The notebook utilizes Keras and GloVe for preprocessing using word embeddings. Then, Keras with Tensorflow backend is used for training a deep LSTM. 

Ensure that the train.csv and test.csv are in the data/ directory of this project. 

In [5]:
import pandas as pd
import numpy as np
import os
from tqdm import tqdm_notebook as tqdm


from sklearn.model_selection import train_test_split

from keras.preprocessing.text import Tokenizer
from keras.preprocessing.sequence import pad_sequences
from keras.layers import Input, Dense, Embedding, LSTM, Bidirectional, SpatialDropout1D, GlobalMaxPooling1D, Dropout
from keras.models import Model

%load_ext autoreload
%autoreload 2

The autoreload extension is already loaded.

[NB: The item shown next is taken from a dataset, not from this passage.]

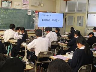 1年1組の英語の授業では、現在進行形について学習していました。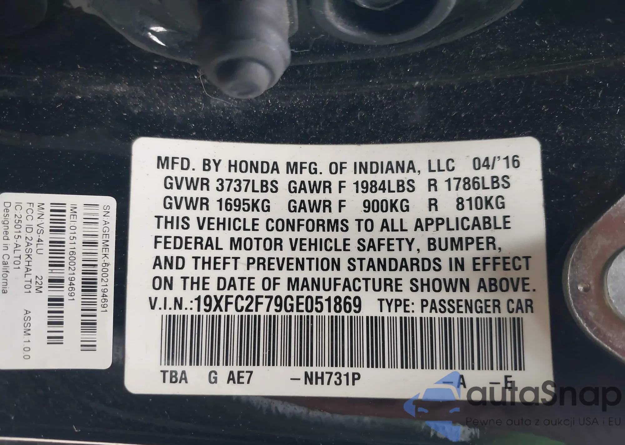• VIN 19XFC2F79GE051869

To reload it, use:
  %reload_ext autoreload


In [6]:
# Load in training and testing data
train_df = pd.read_csv('data/train.csv')
train_df.head()

Unnamed: 0,qid,question_text,target
0,00002165364db923c7e6,How did Quebec nationalists see their province...,0
1,000032939017120e6e44,"Do you have an adopted dog, how would you enco...",0
2,0000412ca6e4628ce2cf,Why does velocity affect time? Does velocity a...,0
3,000042bf85aa498cd78e,How did Otto von Guericke used the Magdeburg h...,0
4,0000455dfa3e01eae3af,Can I convert montra helicon D to a mountain b...,0


In [7]:
# Eliminate any potential null values
train_df[train_df.isnull().any(axis=1)].shape

(0, 3)

In [8]:
# Extract the training data and corresponding labels
text = train_df['question_text'].values
labels = train_df['target'].values

# Split into training and validation sets
X_train, X_val, y_train, y_val = train_test_split(text, labels,\
                                                  test_size=0.2)

In [9]:
embed_size = 300 # Size of each word vector
max_words = 30000 # how many unique words to use (i.e num rows in embedding vector)
maxlen = 100 # max number of words in a question to use

In [10]:
## Tokenize the sentences
tokenizer = Tokenizer()
tokenizer.fit_on_texts(list(X_train))
tokenizer.num_words = max_words

X_train = tokenizer.texts_to_sequences(X_train)
X_val = tokenizer.texts_to_sequences(X_val)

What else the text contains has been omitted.